Update: We hosted a live Hangout on Air with some members of Server Density engineering and ops teams. Amongst other topics, we discussed how we use Zookeeper here @ Server Density. Check out the recorded session at the bottom of this blog post.

Apache Zookeeper works at the zoo—not your usual zoo, but similar—and does what you’d expect. You know, keep your service-oriented architecture nice and clean.

It provides a distributed hierarchical file system that helps with the difficulties associated with services working in different machines (discovery, registration, configuration, locking, leader selection, queueing, etc). All data replicates across all nodes and the leader performs atomic broadcasts to other servers, therefore guaranteeing strong ordering on changes propagation.

Zookeeper nodes (ZNodes) are like hierarchical file system files (eg. /foo/foo1, /bar/taz, /dev/null/full). They store any data inside, and notify watchers on any event pertaining to them.

Zookeeper can be quite a tricky service to manage. From a client programming point of view there are plenty of low level and error handling pitfalls. That explains the popularity of higher level API wrappers, like the one created by Netflix team (Curator).

With that in mind, here is our very own checklist of best practices, including key Zookeeper metrics and alerts we monitor with Server Density.

Monitoring Zookeeper: Metrics and Alerts

As per previous articles, our general rule of thumb is “collect all possible/reasonable metrics that can help when troubleshooting, alert only on those that require an action from you”. Well, the Zookeeper list that satisfies this criteria is not that long.

Zookeeper process is running

Metric Comments Suggested Alert
Zookeeper process Is the right binary daemon process running? When process list contains the regexp /usr/bin/java*org.apache.zookeeper$.

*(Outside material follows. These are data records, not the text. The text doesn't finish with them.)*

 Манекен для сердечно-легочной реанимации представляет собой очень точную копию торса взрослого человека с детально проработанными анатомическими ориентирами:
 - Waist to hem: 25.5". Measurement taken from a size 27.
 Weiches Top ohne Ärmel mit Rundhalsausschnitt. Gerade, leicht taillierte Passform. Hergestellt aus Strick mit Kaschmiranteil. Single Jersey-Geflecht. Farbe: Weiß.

You can also use the following script to check if the server is running:

$INSTALL_PREFIX/zk-server-3/bin/zkServer.sh status

Or if you run Zookeeper via supervisord (recommended) you can alert the supervisord resource instead.

System Metrics

Metric Comments Suggested Alert
Memory usage Zookeeper should run entirely on RAM. JVM heap size shouldn’t be bigger than your available RAM. That is to avoid swapping. None
Swap usage Watch for swap usage, as it will degrade performance on Zookeeper and lead to operations timing out (set vm.swappiness = 0). When used swap is > 128MB.
Network bandwidth Zookeeper servers can incur a high network usage. Keep an eye on this, especially if you notice any performance degradation. Also look out for dropped packet errors. Zookeeper standards are: 20% writes, 80% reads. More nodes result in more writes and higher overall traffic. None
Disk usage Zookeeper data is usually ephemeral and small. Still we recommend dataLogDir to be on a dedicated partition and watch for disk usage. Use purge task to clean up dataDir and dataLogDir. When disk is > 85% usage.

Zookeeper disk writes are asynchronous which means they shouldn’t have high IO requirements. Still, keep an eye on this, especially if your server is shared with other services, say Kafka.

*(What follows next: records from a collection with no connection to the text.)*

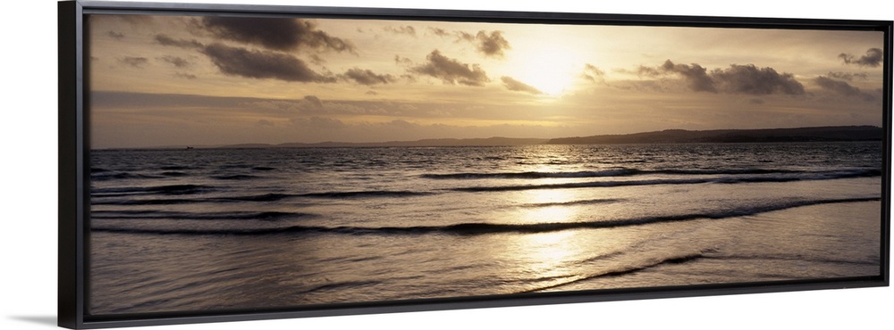 <p>Panoramic photo of the setting sun shining down on the ocean and beach.</p>
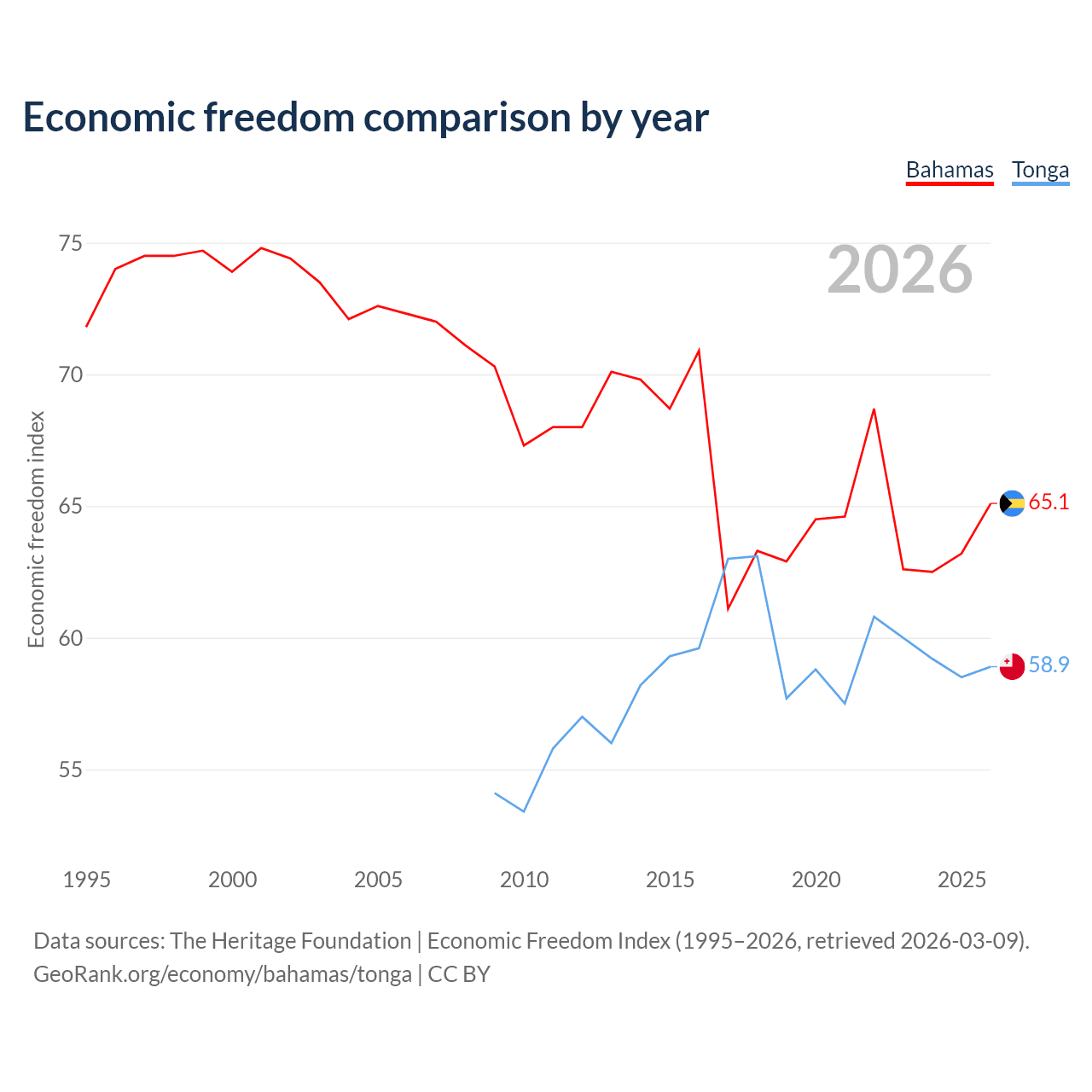 The Economic Freedom Index for the Bahamas is 65.1, ranking 66/197, compared to 58.9 for Tonga, ranking 107/197. The chart above displays a comparison of annual changes in economic freedom indexes.
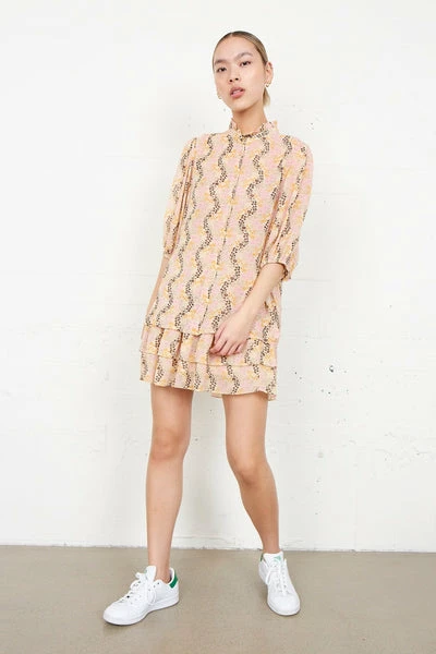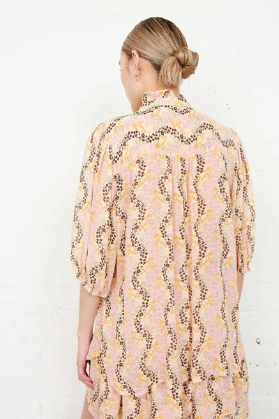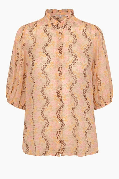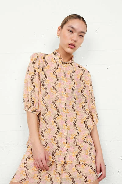 Semi-sheer viscose with print Collar with ruffle trim Loose, airy fit Hand wash Bleach – Do not bleach Tumble Dry – Do not tumble dry Ironing – Low Dryclean – Any Solvent Except Trichloroethylene Drying – Line Drying Iron into shape when damp Shrinkage up to 5%
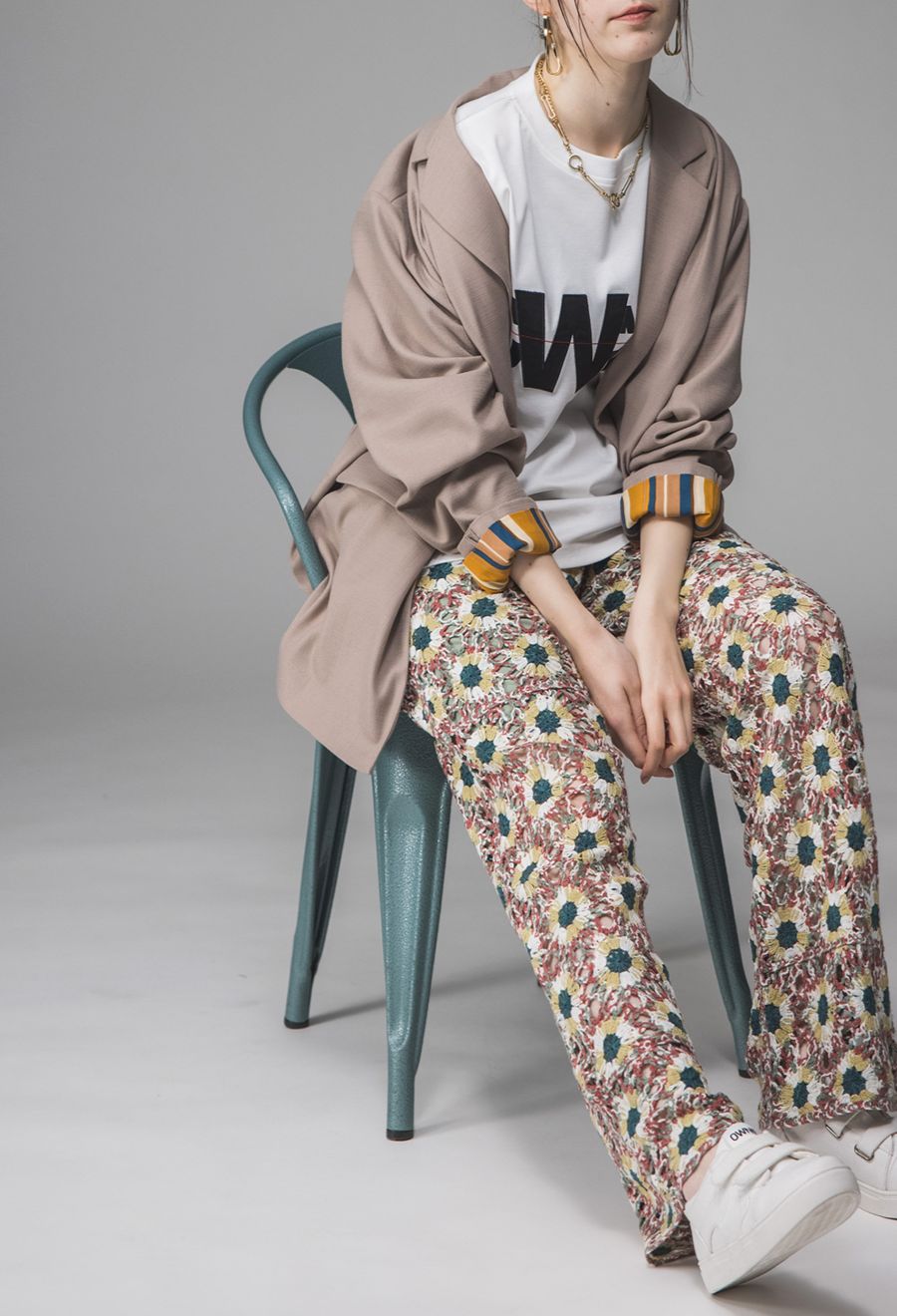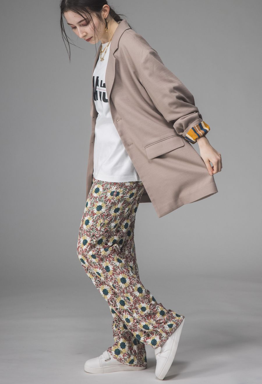 丈感は足首が少し覗くロング丈のストレートラインで、脚長効果を演出。
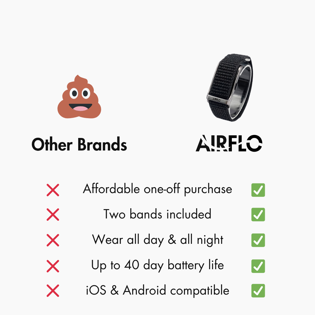 The AirFlo Fitness Tracker is a discreet, all-day health and fitness band designed to help you track your activity, sleep, and overall well-being. It continuously monitors your heart rate, steps, sleep cycles, and more, syncing with the free AirFlo app (iOS & Android) to give you easy-to-read insights about your health.
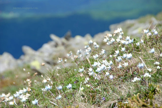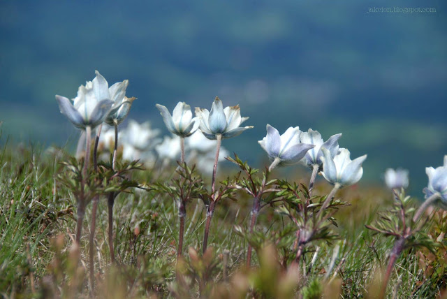 Na szczycie Babiej Góry kwitły sasanki, cała masa. Hulał silny wiatr. Białe kwiatki ledwo wytrzymywały mocne podmuchy. Piechurzy posuwali się powoli, pokonując z trudem niewielkie odcinki, wszyscy w kapturach i czapkach albo nawet rękawiczkach. Niektórzy przycupnięci gdzieś w zaciszu łapali promyki słońca w przerwie na odpoczynek. Gdzieniegdzie leżał jeszcze śnieg.

Here is how Server Density graphs disk usage and memory usage. Note the up and down curves created by the purge task:

how-to-monitor-zookeeper

And here are some Zookeeper alerts configured in Server Density:

How-to-monitor-zookeeper2

Zookeeper Metrics

Metric Comments Suggested Alert
Request Avg/Max Latency Amount of time it takes for the server to respond to a client request (since the server was started). When latency > 10 (Ticks).
Outstanding Requests Number of queued requests in the server. This goes up when the server receives more requests than it can process. When count > 10.
Received Number of client requests (typically operations) received. None
Sent Number of client packets sent (responses and notifications). None
File Descriptors Number of file descriptors used over the limit. When FD percentage > 85 %.
Mode Serving mode: leader or follower, or standalone if not running in an ensemble. None
Pending syncs (Only exposed by the leader) number of pending syncs from the followers. When pending > 10.
Followers (Only exposed by the leader) number of followers within the ensemble. You can deduce the number of servers from the MBeam Quorum Size. When followers != (number of ensemble servers -1).
Node count Number of znodes in the Zookeeper namespace None
Watch count Number of watchers setup over Zookeeper nodes. None
Heap Memory Usage Memory allocated dynamically by the Java process, Zookeeper in this case. None

Here is a Zookeeper monitoring graph including Latency average and Outstanding requests:

How-to-monitor-zookeeper3

Zookeeper Monitoring Tools

The simplest way to monitor Zookeeper and collect these metrics is by using the commands known as “4 letter words” within the ZK community. You can run these using telnet or netcat directly:

$ echo ruok | nc 127.0.0.1 5111
imok
 
$ echo mntr | nc localhost 5111
zk_version  3.4.0
zk_avg_latency  0
zk_max_latency  0
zk_min_latency  0
zk_packets_received 70
zk_packets_sent 69
zk_outstanding_requests 0
zk_server_state leader
zk_znode_count   4
zk_watch_count  0
zk_ephemerals_count 0
zk_approximate_data_size    27
zk_followers    4                   - only exposed by the Leader
zk_synced_followers 4               - only exposed by the Leader
zk_pending_syncs    0               - only exposed by the Leader
zk_open_file_descriptor_count 23    - only available on Unix platforms
zk_max_file_descriptor_count 1024   - only available on Unix platforms

We’ve looked at mytop for MySQL, and memcache-top for Memcached. Well, Zookeeper has one too, zktop:

$ ./zktop.py --servers "localhost:2181,localhost:2182,localhost:2183"
Ensemble -- nodecount:10 zxid:0x1300000001 sessions:4
SERVER           PORT M      OUTST    RECVD     SENT CONNS MINLAT AVGLAT MAXLAT
localhost        2181 F          0       93       92     2      2      7     13
localhost        2182 F          0       37       36     1      0      0      0
localhost        2183 L          0       36       35     1      0      0      0

CLIENT           PORT I   QUEUE RECVD  SENT
127.0.0.1       34705 1       0    56    56
127.0.0.1       35943 1       0     1     0
127.0.0.1       33999 1       0     1     0
127.0.0.1       37988 1       0     1     0

If you are after more detailed metrics, you can access those through JMX. You could also take the DIY road and go for JMXTrans and Graphite, or use Nagios/Cacti/Ganglia with check_zookeeper.py. Alternatively, you can save time (and preserve your sanity) by choosing a hosted service like Server Density (that’s us!).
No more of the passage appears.